El escritor y poeta chileno Roberto Bolaño escribió “Demasiado bonito para que durara, ya saben, los espíritus singulares no soportan tanto amor, tanta perfección encontrada por casualidad“ una escena en donde el valor se vuelca al “espíritu singular”, el cual es un interesante destino en una sociedad de consumo que se esfuerza por reproducirnos en serie, pero que pone el amor fuera de sí y como un goce insoportable, cuando en realidad es sereno.  

El amor es una fuerza capaz de construir, reparar, restablecer, de acuerdo a la experiencia de vida, o a la estatura de su espíritu, el cual no se cultiva repitiendo oraciones o pagando diezmos sino con autoconocimiento.

El espíritu es la esencia transcendente del ser, la no materia, lo que permanece cuando parece no quedar rastros, lo que se eleva con las experiencias, lo que se racionaliza y decide en función de la estética compartida de la moral, del tal bien superior, que no es un bien mezquino, sino para el universo.

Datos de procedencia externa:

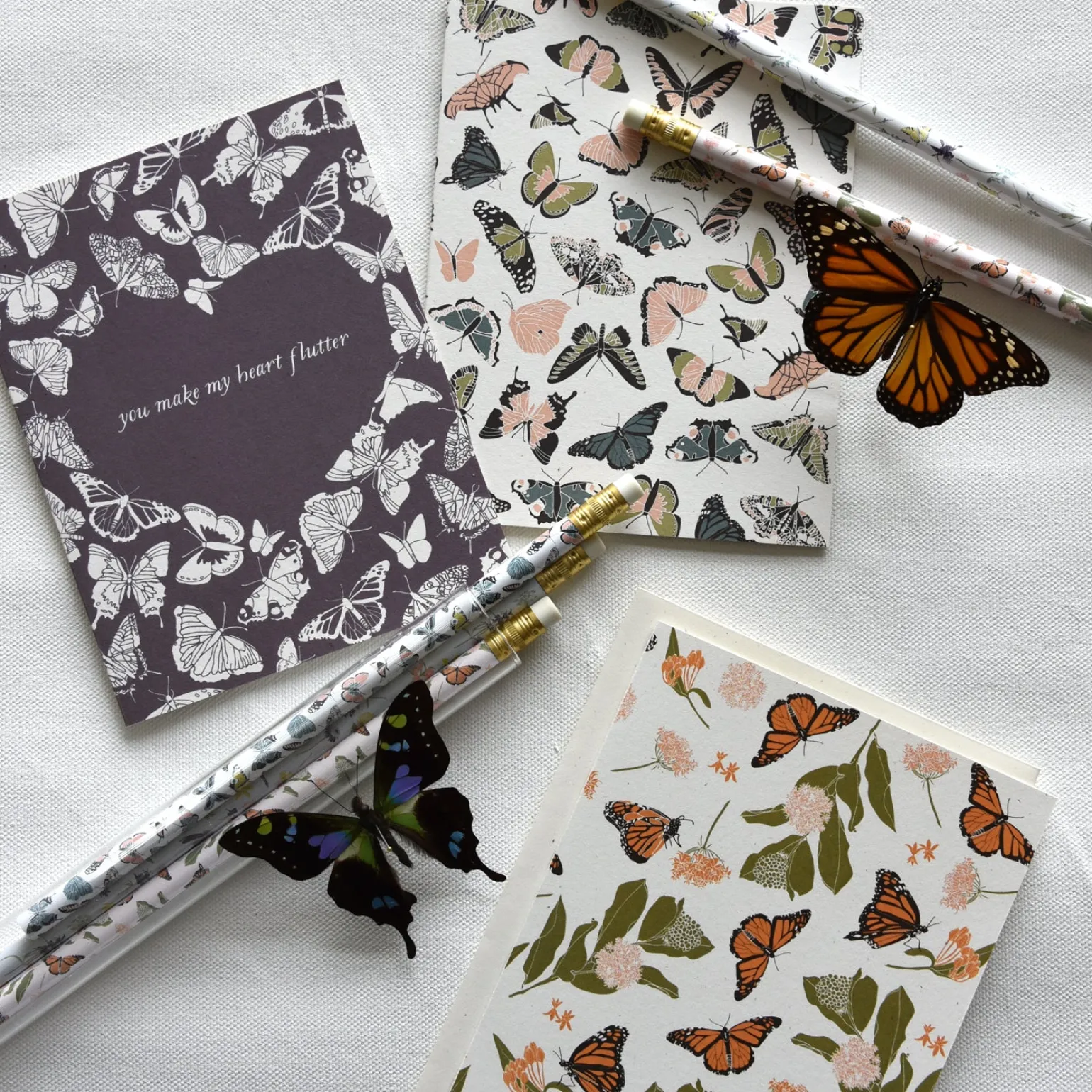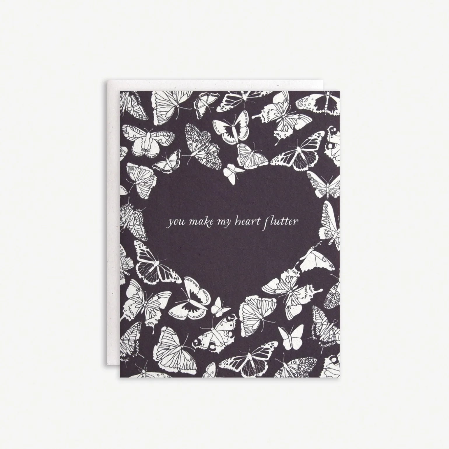 Fluttery heartbeats are some of the best kind (figuratively speaking). Printed on 110lb natural white, slightly speckled recycled paper, and paired with a matching cream envelope. Blank Inside.

No es complejo, elevar el espíritu consiste en amar.

La experiencia del amor es un goce tranquilo, no tiene nada que ver con la pareja o con el otro.  Tiene que ver contigo y lo que has hecho de ti, también con lo que das libre y desinteresadamente.  Cuando puedes eso, lo puedes todo.

Quiero hablar del amor entre mujeres, esas con quienes hemos estado en una vil y despiadada competencia sin sentido.  A nosotras no nos enseñaron el amor, sino que nos construyeron un relato sobre una falsa idea de amor que exigía dosis de sacrificio, descuido de las necesidades y deseos personales, humillaciones, aguante.  Un relato que nos ha hecho creer que el “amor todo lo soporta” y sobre ello una condena larga y pesada de vida indigna.

Atreverse a amar a otras mujeres sin reservas, ni pretensiones, es un caudal infinito de bienestar, alegría y felicidad.  Cuando hacemos red, equipo, el mundo se vuelve pequeño y finalmente conquistable, no para oprimir a nadie, sino para ser.  Una red llena de sororidad es irrompible. La solidaridad, que incluye a los hombres, también es posible, pero hay que seguir desmontando un sistema de desigualdades que impide que el “desinterés” sea genuino, el amor lo puede.

El amor libera de complejos y te expande exponencialmente sin tropezar a nadie. Cuando tocas con amor su efecto edificador no para.

Una columna dedicada e inspirada en mi amoroso club de lectura “Las mil y una lectoras”.